Our author thinks, however, that a more liberal rule ought to be adopted, in construing the Constitution of the United States, because "the grant enures solely and exclusively for the benefit of the grantor himself;" and therefore he supposes that "no one would deny the propriety of giving to the words of the grant a benign and liberal interpretation." Admit that it is so, and it would seem to follow that "the benefit of the grantor" requires that we should take from him as little as possible, and that an "interpretation of the words of the grant" would not be "benign and liberal" as to him, if it deprived him of any more of his rights and powers, than his own words prove that he intended to relinquish. It is evident that this remark of the author proceeds upon the leading idea, that the people of the United States are the only party to the contract; an idea which, we have already seen, can by no means be justified or allowed. The States are parties; each agreeing with each, and all the rest, that it will exercise, through a common agent, precisely so much of its sovereign rights and powers, as will, in its own opinion, be beneficial to itself, when so exercised. The grant "enures to the sole and exclusive benefit of the grantor;" and who but the grantor himself shall determine what benefit he had in view, and how far the grant shall extend, in order to secure it? This he has done, in the case before us, by the very terms of the grant. If you hold him bound by any thing beyond those terms, you enable others to decide this matter for him, and may thus virtually abrogate his contract, and substitute another in its place.

I certainly do not mean to say, that in construing the Constitution, we should at all times confine ourselves to its strict letter. This would, indeed, be sticking in the bark, to the worst possible purpose. Many powers are granted by that instrument, which are not included within its express terms, literally taken, but which are, nevertheless, within their obvious meaning. The strict construction for which I contend, applies to the intention of the framers of the Constitution; and this may or may not require a strict construction of their words.

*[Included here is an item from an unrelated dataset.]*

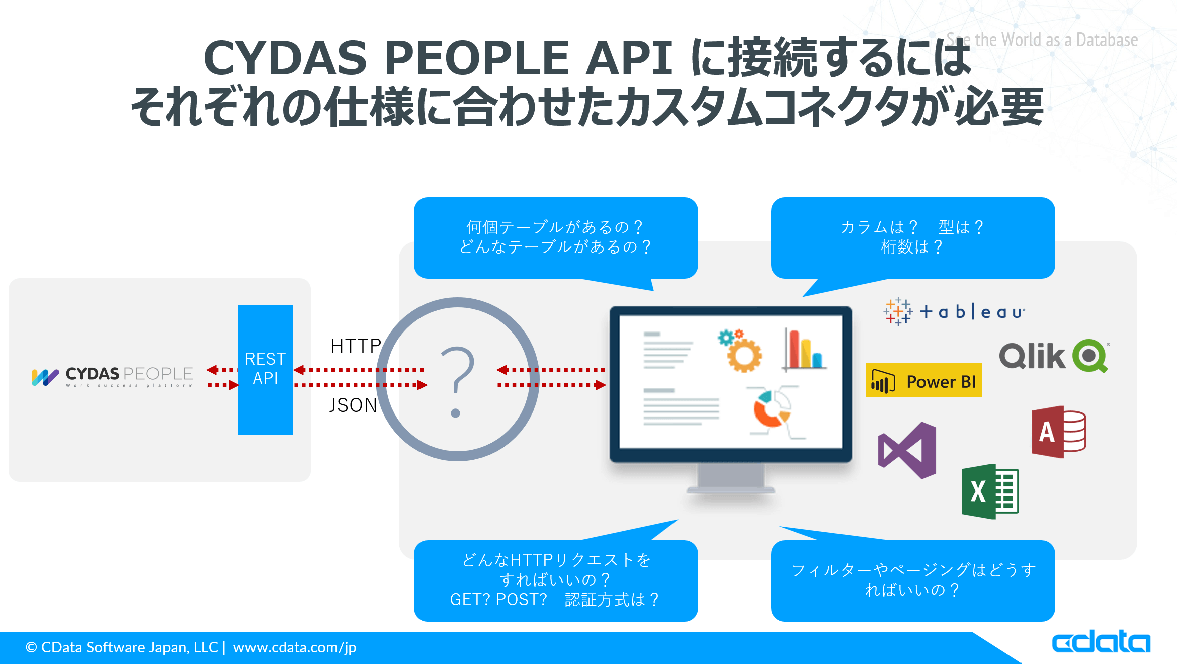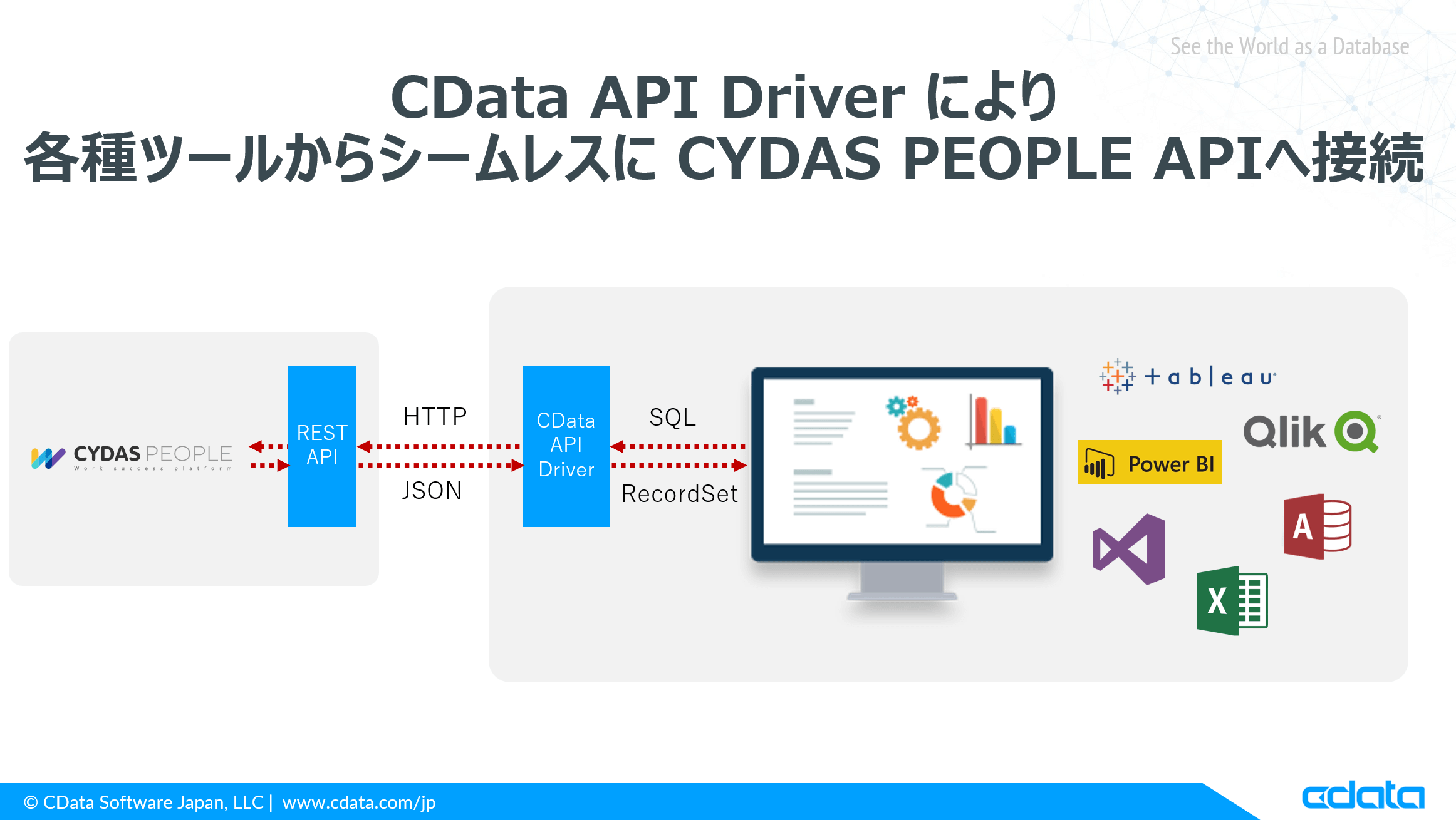本記事では、各種 Web API を ODBC / JDBC / ADO.NET といった標準のDB接続規格でアクセスできるようにするCData API Driverを用いて、CYDAS PEOPLE の API を各種ツールから接続する方法を紹介します。
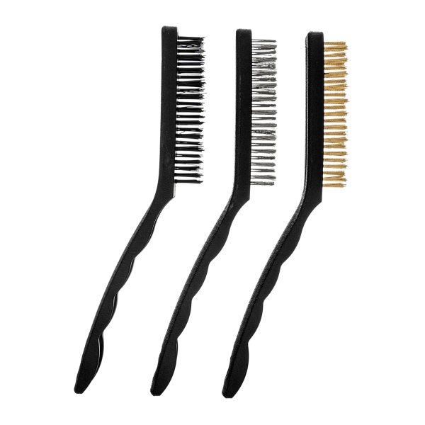 Набор из 3 больших щеток Matrix 74863 с пластмассовыми ручками предназначен для различных видов обработки — стальные удаляют ржавчину, загрязнения и старую краску с металлических и других поверхностей, а нейлоновая браширует и мягко очищает деревянные изделия. Набор пригодится во время ремонта, проведения кузовных работ, а также будет полезен в быту.

[ *95 ]*There is no fair analogy as to this matter between the Federal Constitution and those of the States, although the author broadly asserts that they are not "distinguishable in this respect;" and this will sufficiently appear from the following considerations:

1. The entire sovereignty of each State is in the people thereof. When they form for themselves a constitution of government, they part with no portion of their sovereignty, but merely determine what portion thereof shall lie dormant, what portion they will exercise, and in what modes and by what agencies they will exercise it. There is but one party to such a government, to wit, the people of the State. Whatever power their government may possess, it is still the power of the people; and their sovereignty remains the same. So far, therefore, there is "no solid objection to implied powers" in a State constitution; because, by employing power in the government, you take no power from those who made the government.

2. As government is the agent and representative of the sovereign power of the people, the presumption is, that they intend to make it the agent and representative of all their power. In every frame of limited government, the people deny to themselves the exercise of some portion of their rights and powers, but the larger portion never lies thus dormant, In this case, therefore, (viz.: of a government established by an aggregate people,) the question naturally is, not what powers are granted, but what are denied; and the rule of strict construction, if applied at all, should be applied only to the powers denied. This would have the effect of enlarging the powers of government, by limiting the restraints imposed on it.

3. As it is fair to presume that a people absolutely sovereign, and having an unlimited right to govern themselves as they please, would not deny to themselves the exercise of any power necessary to their prosperity and happiness, we should admit all fair and reasonable implications in favor of the government, because, otherwise, some power necessary to the public weal, might be dormant and useless.

In these respects, there is no just analogy between the State constitutions and that of the United States.

In the first place, the Constitution of the United States is not a frame of government to which there is but one party. The States are parties, each stipulating and agreeing with each and all the rest. Their agreement is, that a certain portion of that power which each is authorized to exercise within its own limits shall be exercised by their common agent, within the limits of all of them. This is not the separate power of each, but the joint power of all. In proportion, [ *96 ]*therefore, as you increase the powers of the federal government, you necessarily detract from the separate powers of the States. We are not to presume that a sovereign people mean to surrender any of their powers; still less should we presume that they mean to surrender them, to be exerted over themselves, by a different sovereignty. In this respect, then, every reasonable implication is against the federal government.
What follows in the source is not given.